---

Recently I experienced something that you usually hear about when going through resources around cloud and distributed systems, which is everything fails and you need to plan for it. This doesn’t just mean infrastructure failure but also software failure. Now, if you ever went through any of the AWS messaging services documentation like SNS and SQS, I am pretty sure you’ve read somewhere in the documentation that they ‘promise’ at least one message delivery and they don’t guarantee exactly one. This means, your job as a developer is to make sure to guarantee that safety because even AWS resources can fail.

It all comes to “everything fails and you need to plan for it” when I recently encountered an issue that idempotency was the key to solve it. Let me first try to define idempotency in my own understanding and learning. It is when a functionality is invoked multiple times with the same input results in different outputs after each invocation. In this case, a message that holds the same values resulted in multiple documents

How I experienced it

The setup I was working with was the following…
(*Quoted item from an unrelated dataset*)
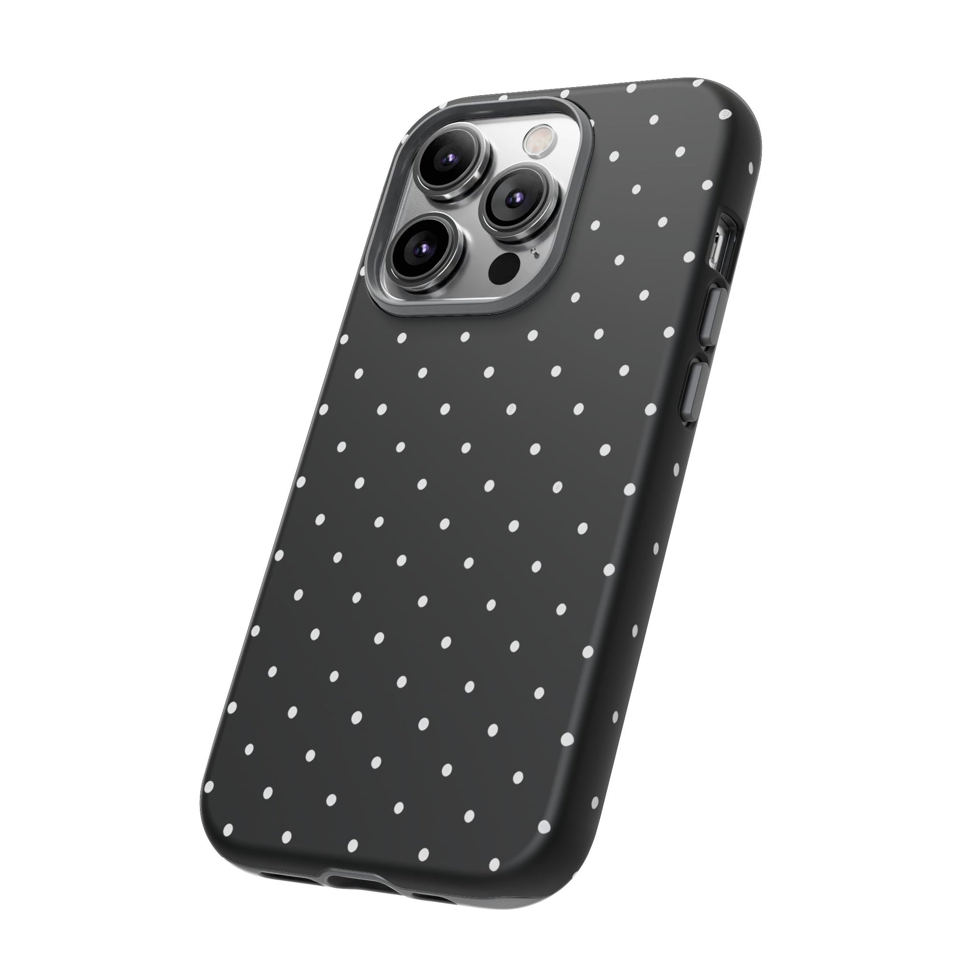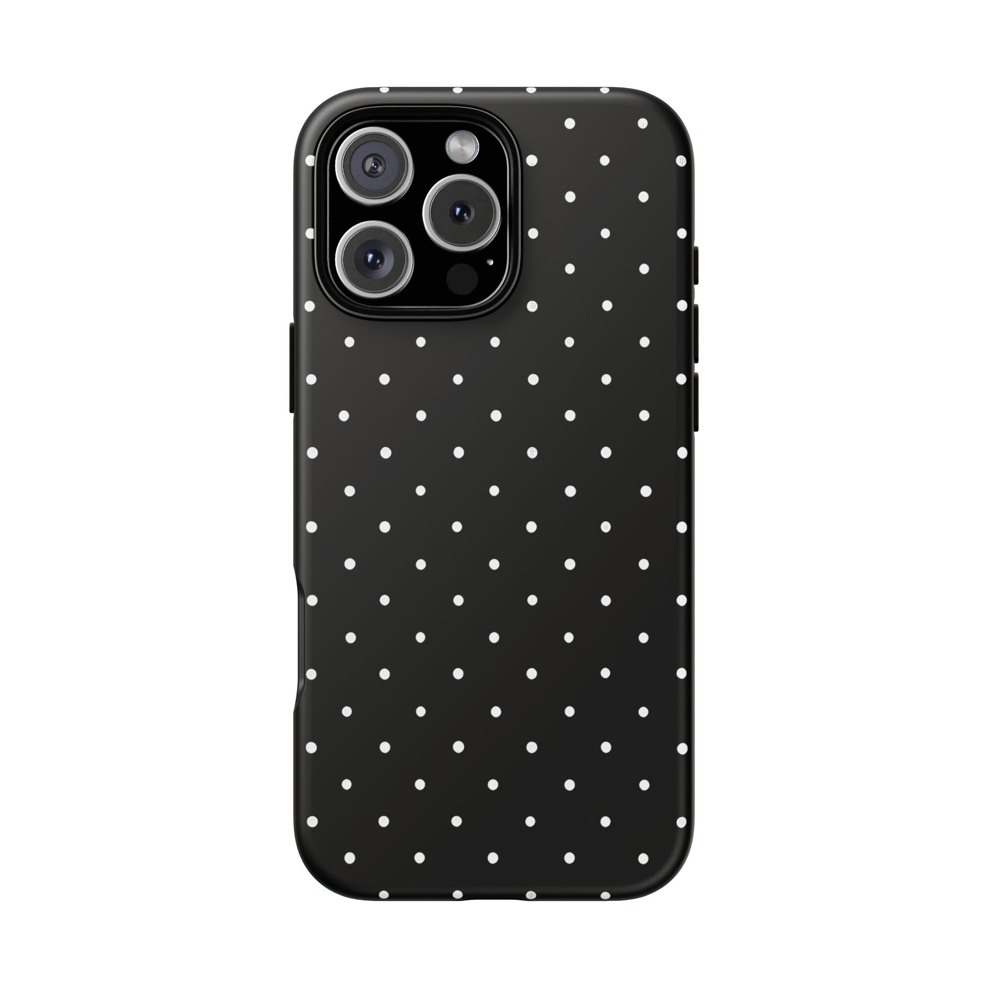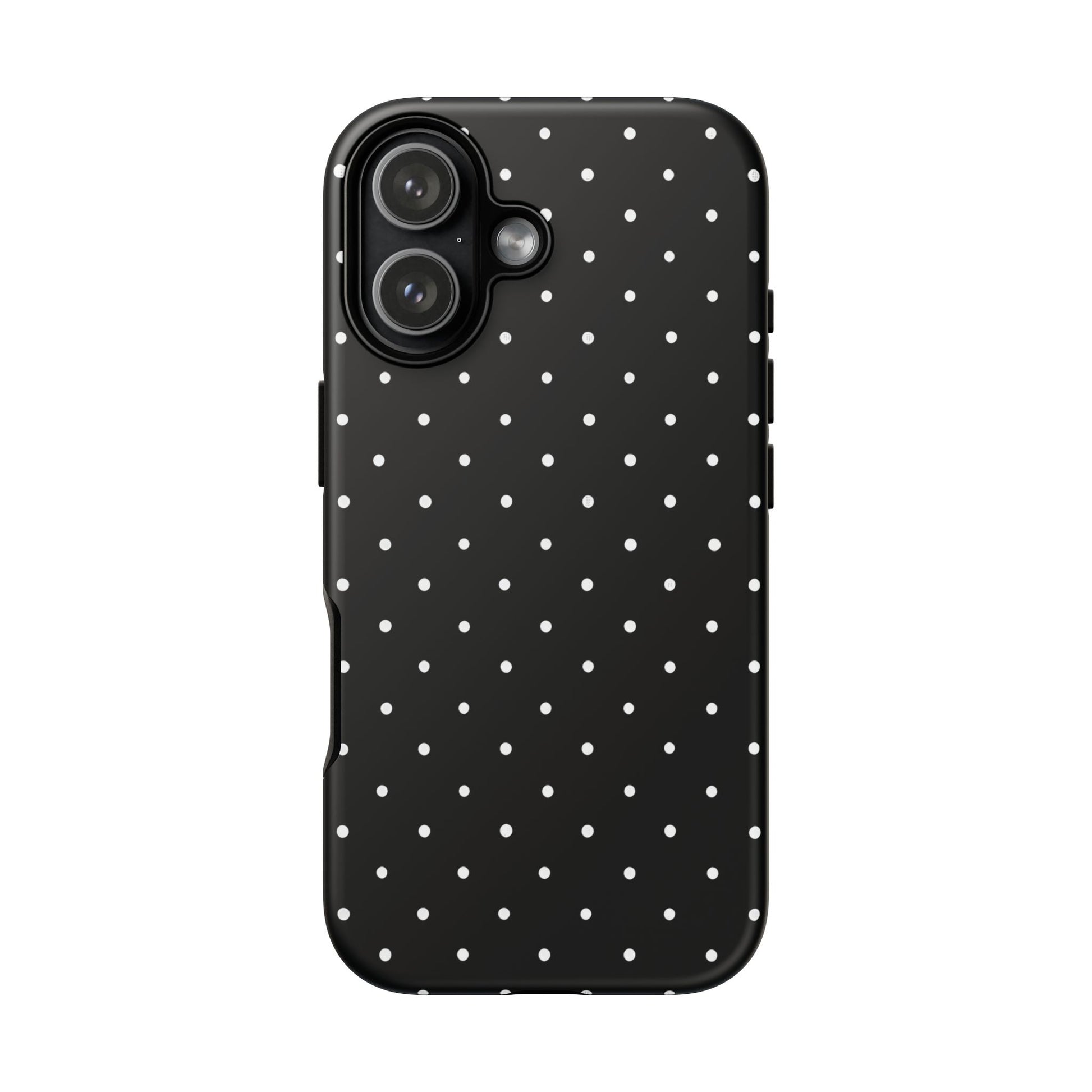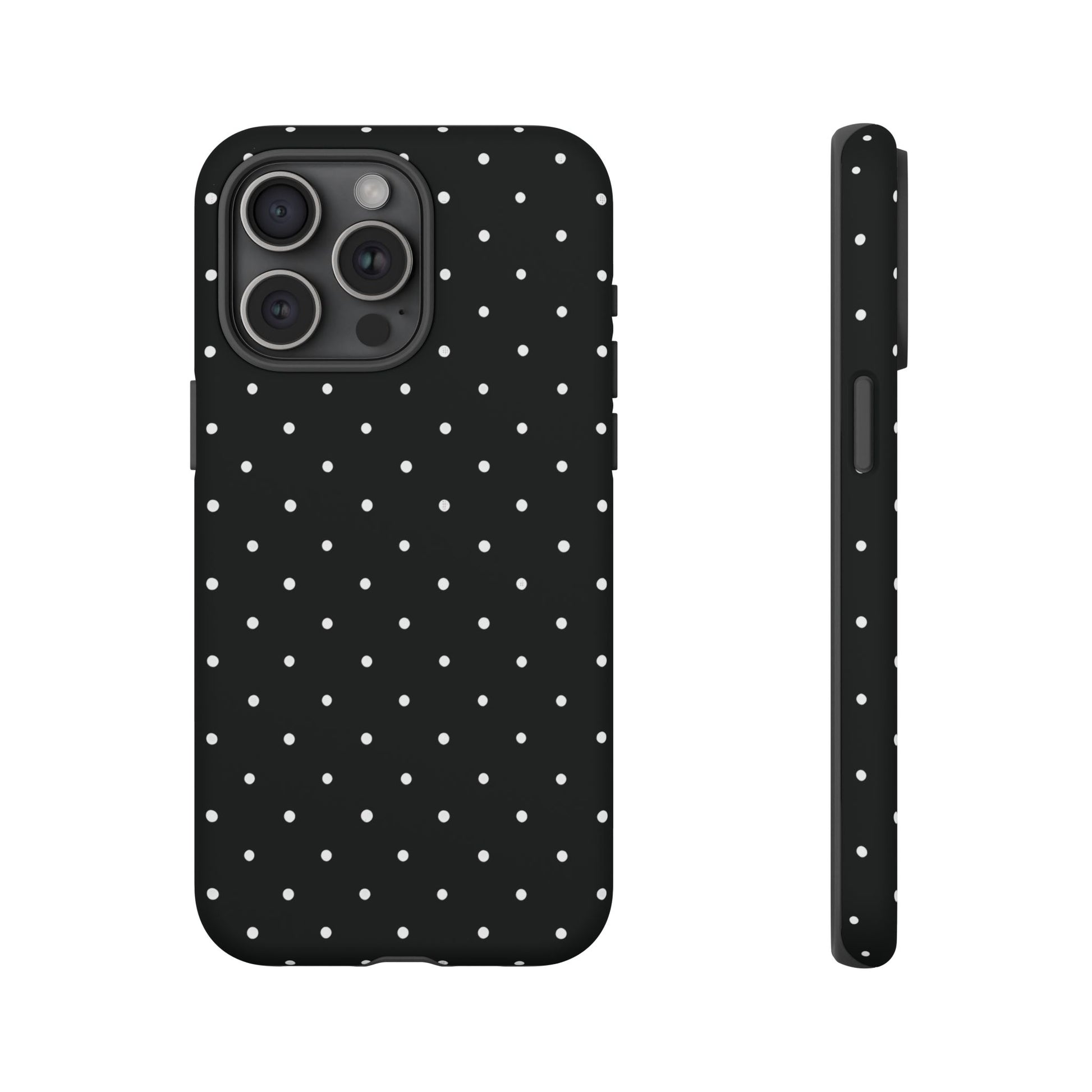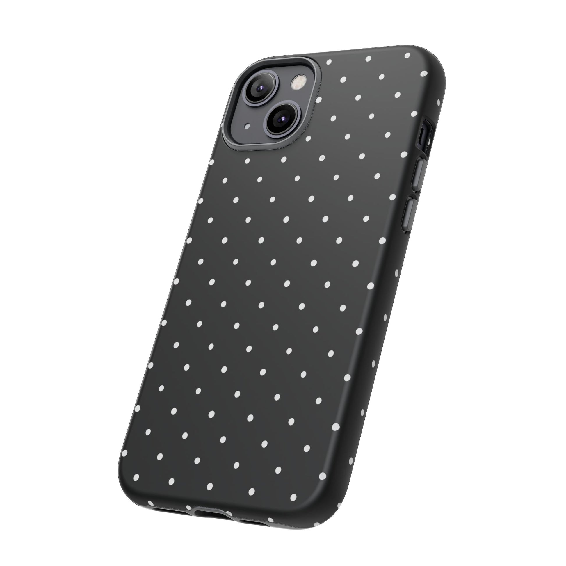White dots scatter neatly across a deep black canvas, creating a clean and timeless repeating pattern. Subtle matte tones enhance the elegant simplicity of this classic design.

A Lambda that is scheduled every day to be invoked queries a bunch of data from DynamoDB. It will publish a message to an SNS topic to which another Lambda function is subscribed and will process the message, at the end of the process of each message one single document should be stored in the table based on the message data it received.

The implementation here failed me and it’s because I didn’t have a couple of things in mind that revolve around “things fail all the time”. A message can be received more than once in rare situations, but also modeling the document without ensuring uniqueness & achieving idempotency for such business process. The unique document that should’ve been stored in the database once was stored twice.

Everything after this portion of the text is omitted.